Рецензия на «Бёрнт Нортон», «Ист Коукер» и «Драй Селвейджс» Т. С. Элиота
В последних стихотворениях Элиота мало что производит на меня глубокое впечатление. Этим я признаю какой-то недостаток в себе самом, но отсюда не следует, как могло бы показаться на первый взгляд, что надо просто замолчать и поставить точку: перемена в моей реакции, возможно, указывает на какую-то внешнюю перемену, в которой стоит разобраться.

Из прежних стихотворений Элиота я довольно много помню наизусть. Я не заучивал их специально, они просто засели у меня в голове, как бывает со всякими стихами, которые находят в тебе отзвук. Иногда, прочтя стихотворение лишь раз, можно запомнить его целиком или, скажем, 20–30 строк, причем процесс припоминания – отчасти процесс реконструкции. Что же до этих трех последних стихотворений, их я, наверно, прочел раза два или три после публикации – и что я запомнил дословно? «Время и колокол хоронят день», «В спокойной точке вращенья мира», «Огромное море, альбатрос и дельфин», «О тьма, тьма, тьма. Все они уходят во тьму». (Я не считаю «В моем конце мое начало» – это цитата.) Вот примерно и всё, что мне запало в память.

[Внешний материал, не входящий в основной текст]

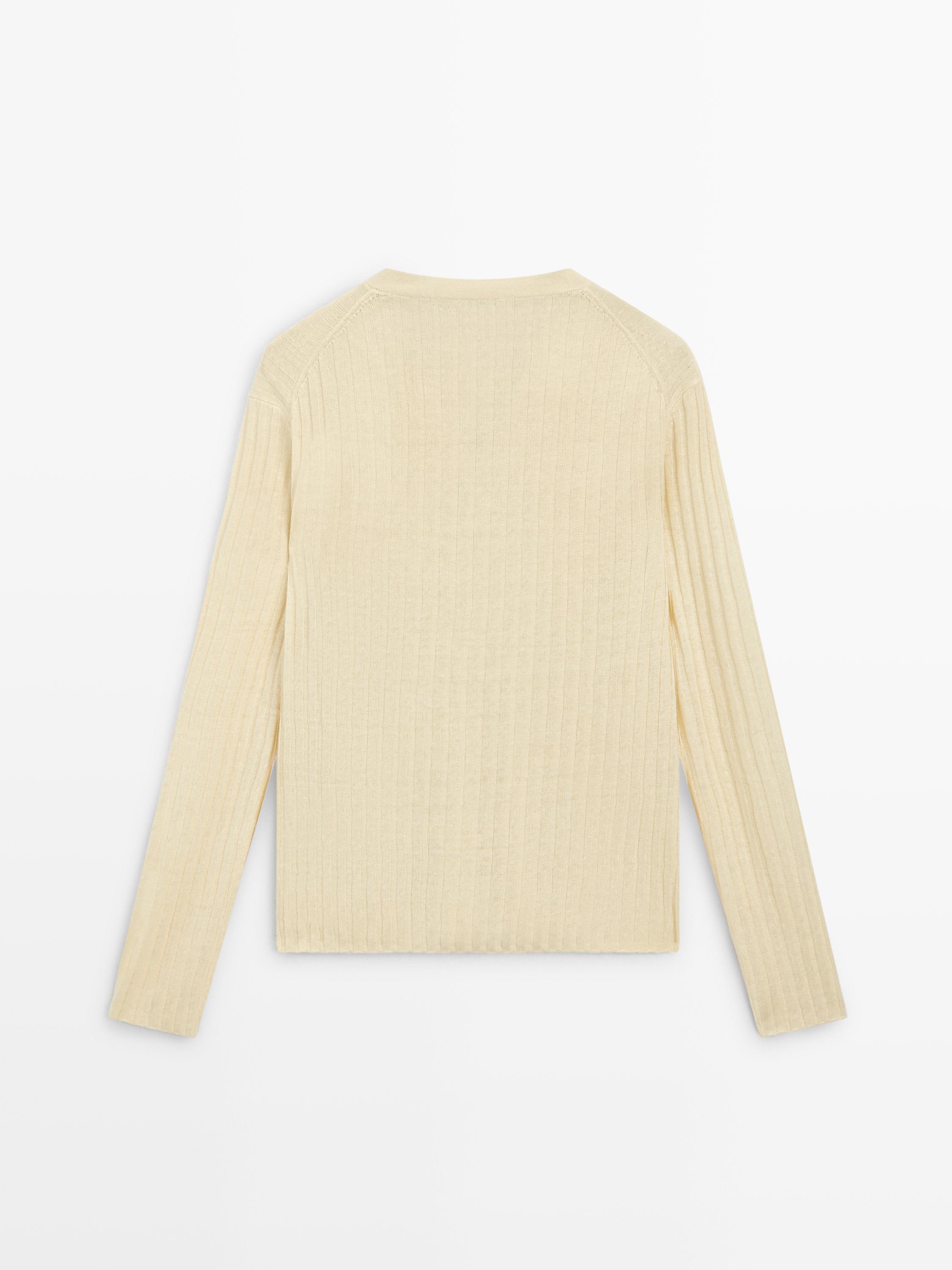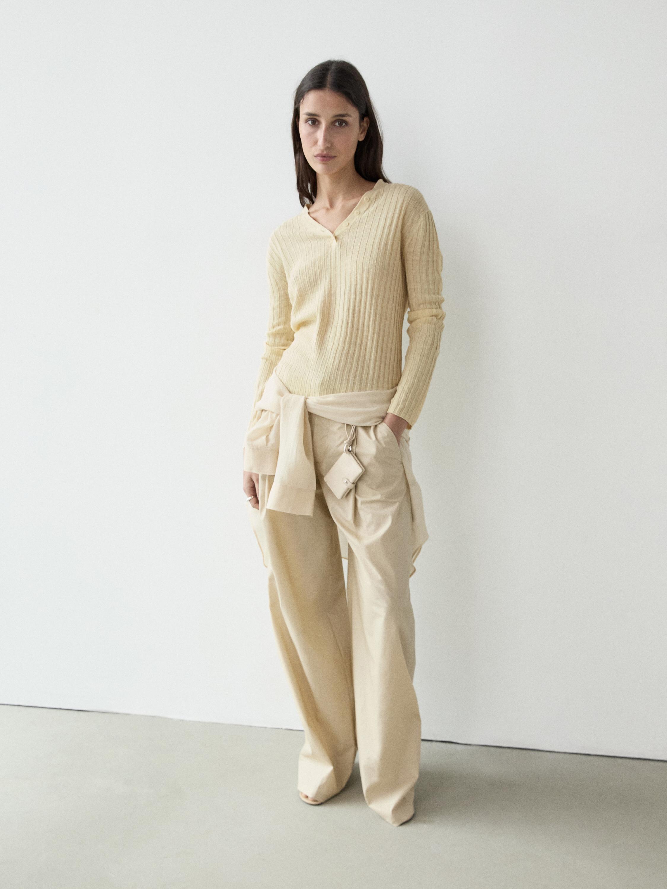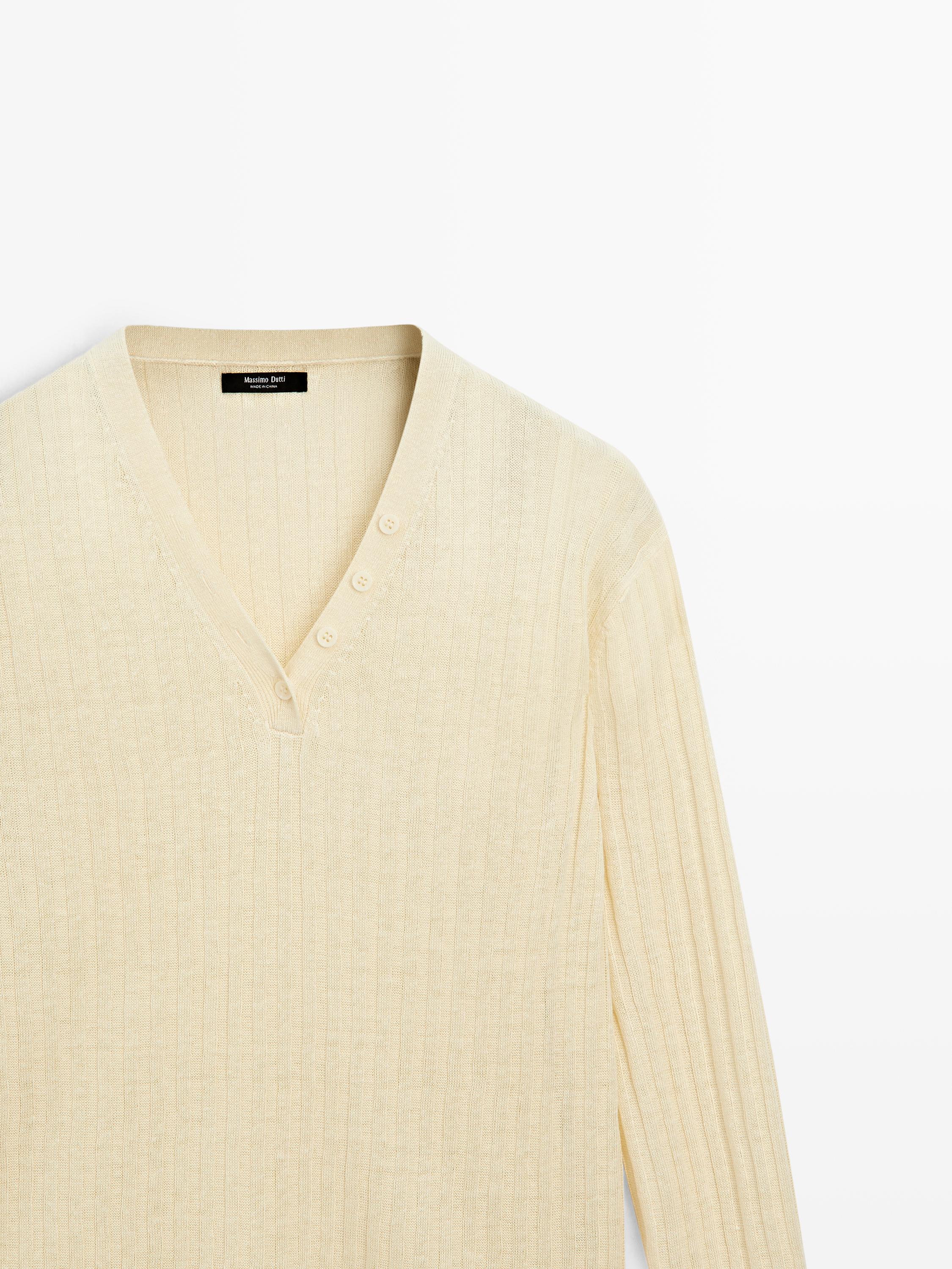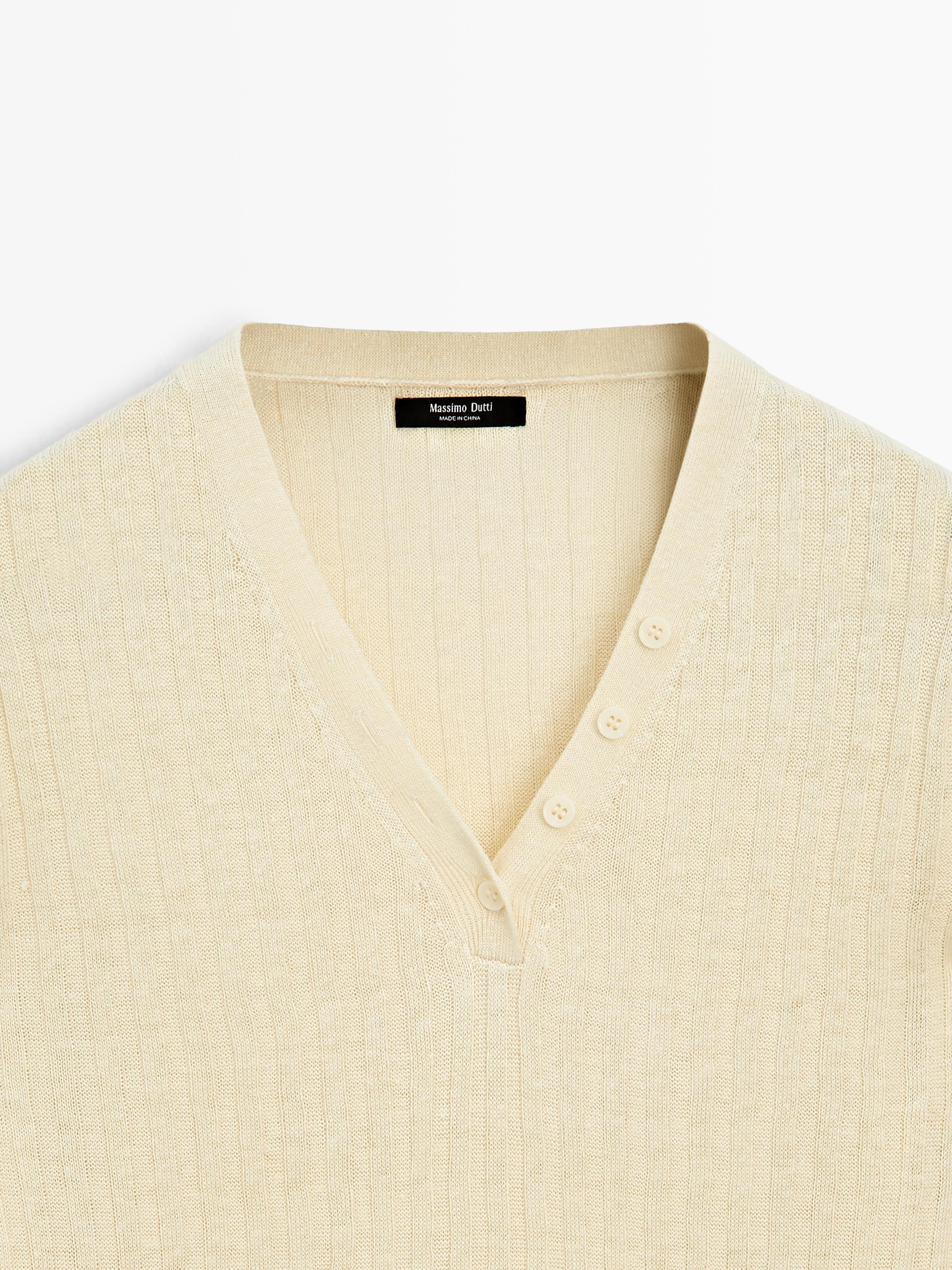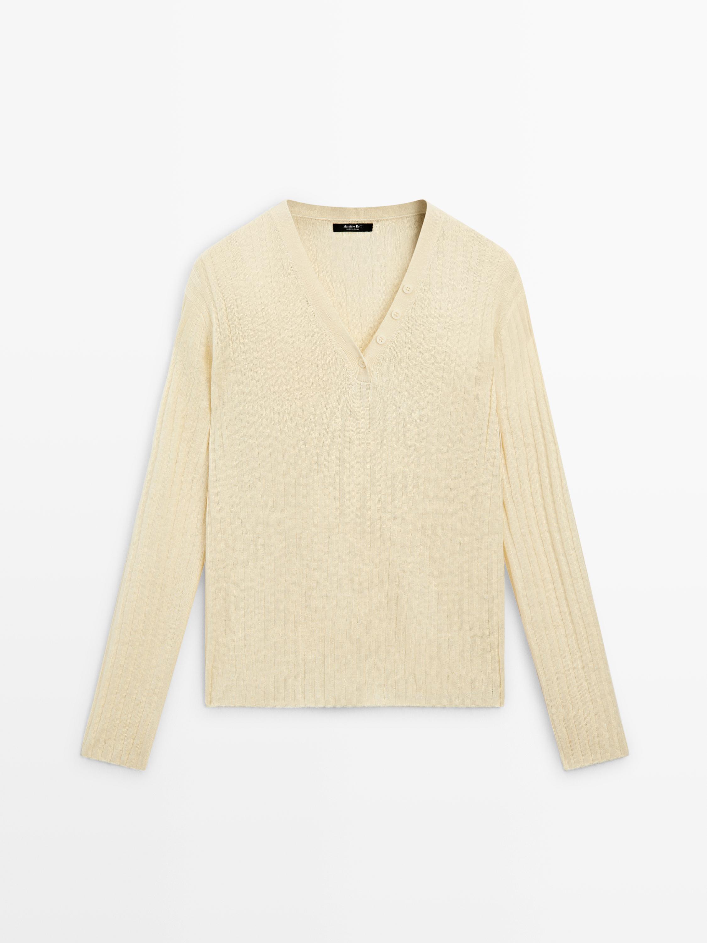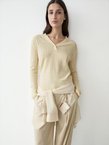Massimo Dutti Вязаный льняной свитер с пуговицами, ванильный

Это не доказывает, что «Бёрнт Нортон» и остальные хуже, чем более запоминающиеся ранние стихотворения, и можно даже счесть это доказательством обратного, поскольку можно возразить, что легче всего застревает в сознании очевидное и даже пошлое. Но что-то, видимо, ушло, выключился какой-то ток, поздние стихи не содержат в себе ранних, пусть даже они их превосходят. По-моему, объяснить это можно ухудшением темы мистера Элиота. Прежде чем продолжать, вот два отрывка, достаточно близкие по смыслу для того, чтобы их сравнивать. Первыйзаключительный пассаж из «Драй Селвейджс»:

Но действие в высшем смысле —
Свобода от прошлого с будущим,
Чего большинство из нас
Здесь никогда не добьется.
И от вечного поражения
Спасает нас только упорство.
В конце же концов мы рады
Знать, что питаем собою
(Вблизи от корней тиса)
Жизнь полнозначной почвы[96].
А вот отрывок из стихотворения, написанного раньше:

Он замечал, что не зрачок,
А лютик смотрит из глазницы,
Что вожделеющая мысль
К телам безжизненным стремится.
……………………………………………….
Он знал, как стонет костный мозг,
Как кости бьются в лихорадке;
Лишенным плоти не дано
Соединенья и разрядки.
Эти отрывки пригодны для сравнения, потому что оба об одном – а именно о смерти. Первый следует за более длинным пассажем, в котором объясняется, во‑первых, что научные исследования – вздор, ребяческое суеверие, вроде гаданий, а затем, что достичь понимания вселенной способны только святые; нам же, прочим, остаются «догадки, намеки». Лейтмотив заключительного пассажа – «смирение»: в жизни есть «смысл» и в смерти тоже; к сожалению, мы не знаем, каков он, но то, что он существует, должно утешать нас, когда мы прорастаем крокусами или другим чем-то, что растет под тисами на деревенских погостах. А теперь взглянем на две другие строфы, ранние. Мысли здесь приписаны другим людям, но, вероятно, выражают тогдашнее отношение самого мистера Элиота к смерти, по крайней мере, в определенные моменты. Здесь нет речи о смирении. Напротив, здесь выражено языческое отношение к смерти, вера в то, что мир иной – темное место, населенное тощими, писклявыми призраками, завидующими живым, что как бы ни плоха была жизнь, смерть – хуже. Такое представление о смерти, по-видимому, было распространенным в древности и в каком-то смысле распространено сейчас. «Стонет костный мозг, кости бьются в лихорадке», знаменитая ода Горация «Eheu fugaces»[97], и невысказанные мысли Блума на похоронах Пэдди Дингама – все об одном и том же. Пока человек считает себя индивидом, он должен относиться к смерти с негодованием. Пусть ограниченное, но если это сильное чувство, то оно скорее родит хорошую литературу, чем религиозная вера, которой на самом деле не чувствуют, а просто принимают вопреки велению чувств. И два приведенных отрывка настолько, насколько их можно сравнивать, мне кажется, это подтверждают. На мой взгляд, не подлежит сомнению, что второй, несмотря на оттенок бурлеска, лучше первого и в чисто стихотворном плане, и в смысле силы чувства.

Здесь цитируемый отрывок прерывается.